Richard Gravelle`s report

John Guest Phillips Memorial Travelling Scholarship 2009
Report by Richard Gravelle
Glaciers represent a critical storage component of the hydrological cycle, with strong effects on river discharge and water supplies for power generation and agricultural
irrigation. However, glacial meltwater is also an important medium for sediment transport. Sediment fluxes in glacial meltwater are highly responsive to climate-driven
environmental change and therefore provide important information regarding the relationships between glacier variations, climate and landscape change.
My PhD research uses high resolution monitoring and modeling to infer water routing and sediment transport in polythermal glaciers. Most studies of glacial hydrology
have focused on small valley glaciers which are temperate at their beds. However, this study will allow comparisons to be made between sediment transport in glaciers of
different temperature regimes, which are currently scarce. Polythermal glaciers also provide a more reliable analogue for former ice masses, and are therefore of great
importance to studies of past and future response of such glaciers to climatic variations.

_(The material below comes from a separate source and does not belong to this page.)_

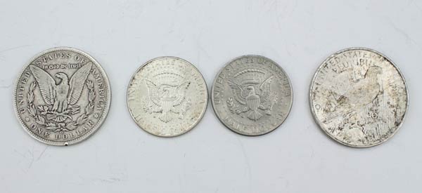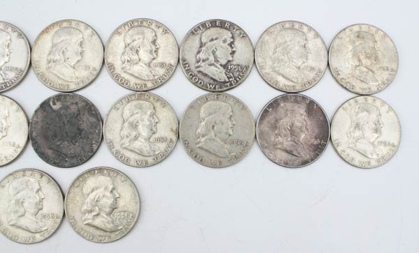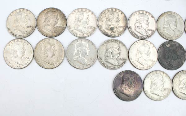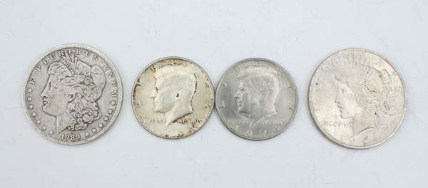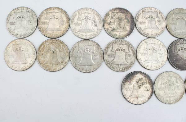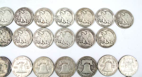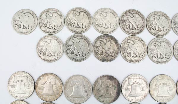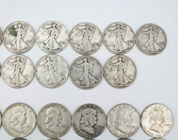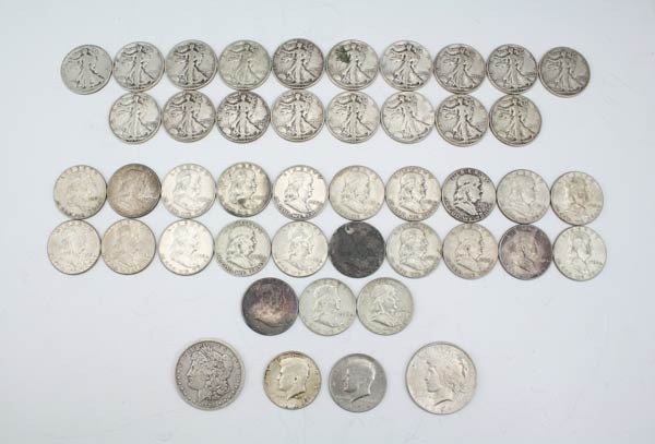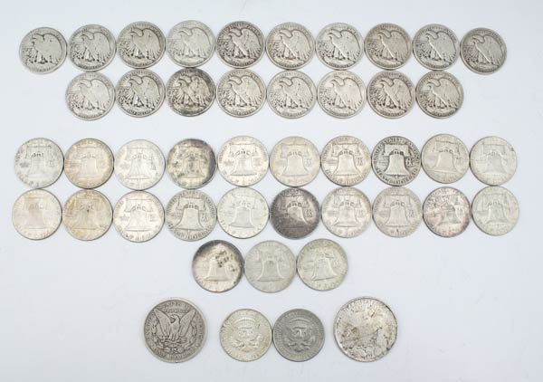 COLLECTION OF SILVER HALF DOLLARS & DOLLARS: To include 17 walking liberty half dollars, 1 1917, 1 1394, 1 1936, 1 1938, 1 1939, 2 1941, 3 1942, 2 1943, 1 1944, 3 1945, 1 1947. 23 Franklin half dollars, 3 1949, 2 1950, 4 1951, 6 1952, 2 1953, 3 1954, 1 1957, 2 1958. 2 1964 Kennedy half dollars. 1889 ''O'' Morgan dollar. 1924 Peace dollar. Ungraded. Approx 18.4 troy oz.

The John Guest Phillips Memorial Travelling Scholarship has allowed me to conduct seven weeks of intensive fieldwork at the glacier Storglaciären in Arctic Sweden. This
work allowed a proglacial stream monitoring programme to be established, including the installation of turbidity probes and H-ADCPs (Horizontal Acoustic Doppler Current
Profilers), as well as the physical collection of sediment samples at regular intervals. Ultimately, these data will be used to calibrate and validate a model of water flow
through the glacier, and sediment transport associated with subglacial hydrological processes, which is critical to my research.

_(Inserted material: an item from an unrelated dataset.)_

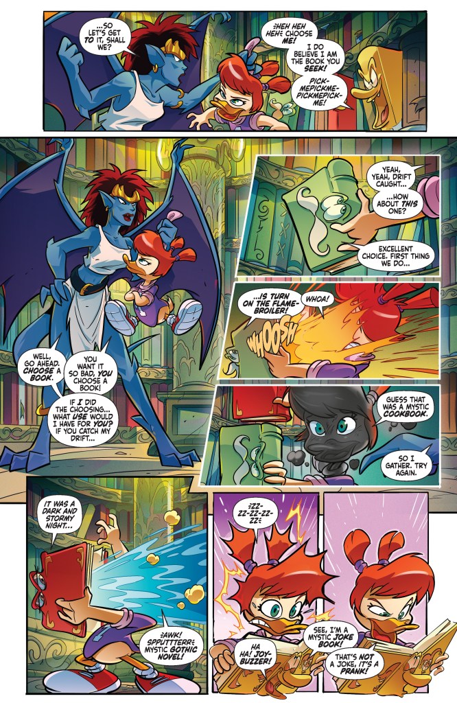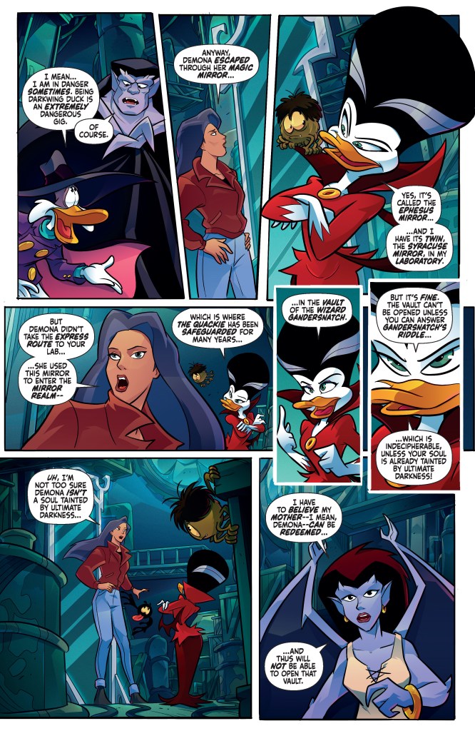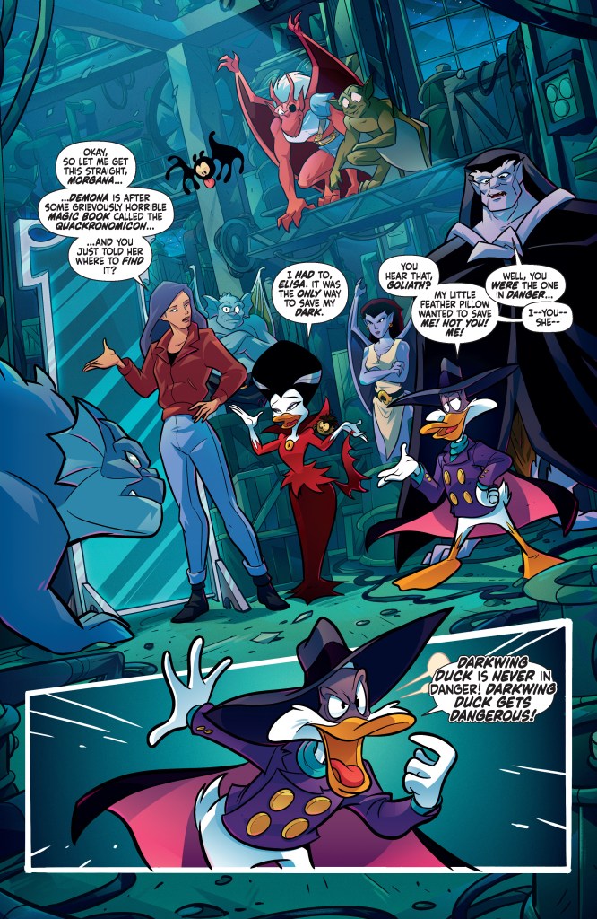 When the diabolical Demona uses a mysterious magic mirror to recruit Morgana Macawber to her cause of mass destruction, Darkwing Duck and Launchpad McQuack flap their wings — actually they board the Thunderquack — over to Manhattan. They’ll quickly cross paths with Goliath and Elisa. It might be time for a classic hero versus hero misunderstanding brawl, and so much more will follow!

The money I received through the John Guest Phillips Memorial Travelling Scholarship funded my travel to Sweden and allowed me to stay at Stockholm University’s
Tarfala Research Station and collaborate with international scientists. In conclusion, this generous award has enabled me to undertake the first part of my fieldwork
programme and has provided me with an excellent foundation for the rest of my PhD research project.